Don Roque le puso enfrente media docena de botellas de cerveza con los vasos embocados en el cuello.
– Gracias, hijo.
Dámaso llevó las botellas a la mesa. Tomó varios pedidos, y siguió trayendo y llevando botellas, hasta que la clientela se fue a almorzar. Por la madrugada, cuando volvió al cuarto, Ana comprendió que había estado bebiendo. Le cogió la mano y se la puso en el vientre de ella.
– Tienta aquí -le dijo-. ¿No sientes?
Dámaso no dio ninguna muestra de entusiasmo.
– Ya está vivo -dijo Ana-. Se pasa la noche dándome pataditas por dentro.
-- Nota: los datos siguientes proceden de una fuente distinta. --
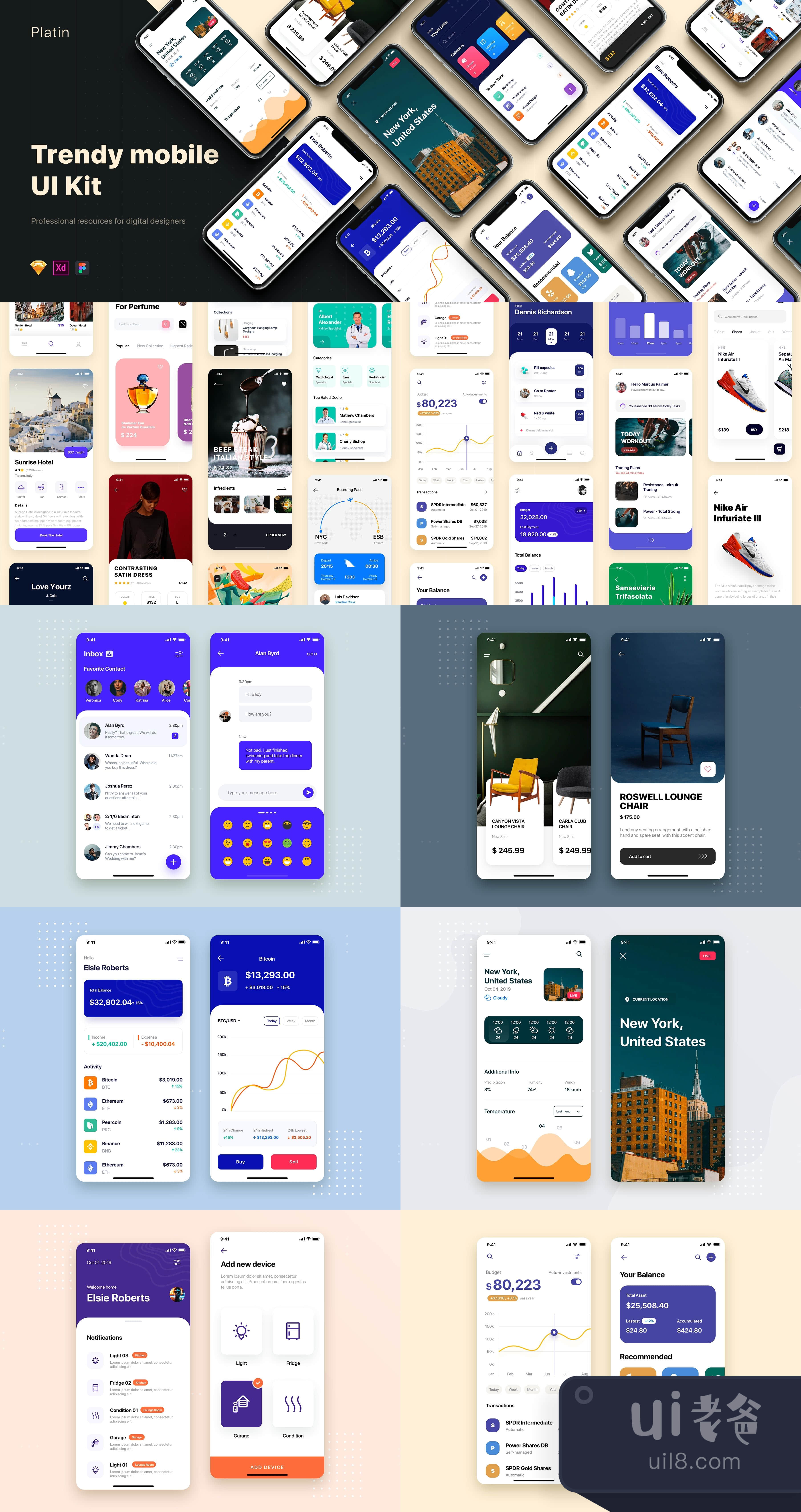 Platin mobile UI Kit is a huge mobile screens and components with trendy design that you can use for inspiration for your app with super quality design. The kit includes 60+ UI mobile screens based and 20+ most popular categories.

Pero él no reaccionó. Concentrado en sí mismo, salió al día siguiente muy temprano y no volvió hasta la medianoche. Así transcurrió la semana. En los escasos momentos que pasaba en la casa, fumando acostado, esquivaba la conversación. Ana extremó su solicitud. En cierta ocasión, al principio de su vida en común, él se había comportado de igual modo, y entonces ella no lo conocía tanto como para no intervenir. Acaballado sobre ella en la cama, Dámaso la había golpeado hasta hacerla sangrar.
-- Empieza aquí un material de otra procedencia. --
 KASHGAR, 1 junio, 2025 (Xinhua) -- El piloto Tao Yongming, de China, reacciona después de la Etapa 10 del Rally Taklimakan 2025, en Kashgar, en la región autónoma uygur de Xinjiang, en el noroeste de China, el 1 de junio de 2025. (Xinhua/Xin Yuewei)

Esta vez esperó. Por la noche ponía junto a la lámpara una cajetilla de cigarrillos, sabiendo que él era capaz de soportar el hambre y la sed, pero no la necesidad de fumar. Por fin, a mediados de julio, Dámaso regresó al cuarto al atardecer. Ana se inquietó, pensando que él debía estar muy aturdido cuando venía a buscarla a esa hora. Comieron sin hablar. Pero antes de acostarse, Dámaso estaba ofuscado y blando, y dijo espontáneamente:
– Me quiero ir.
– ¿Para dónde?
– Para cualquier parte.
Ana examinó el cuarto. Las carátulas de revistas que ella misma había recortado y pegado en las paredes hasta empapelarlas por completo con litografías de actores de cine, estaban gastadas y sin color. Había perdido la cuenta de los hombres que paulatinamente, de tanto mirarlos desde la cama, se habían ido llevando esos colores.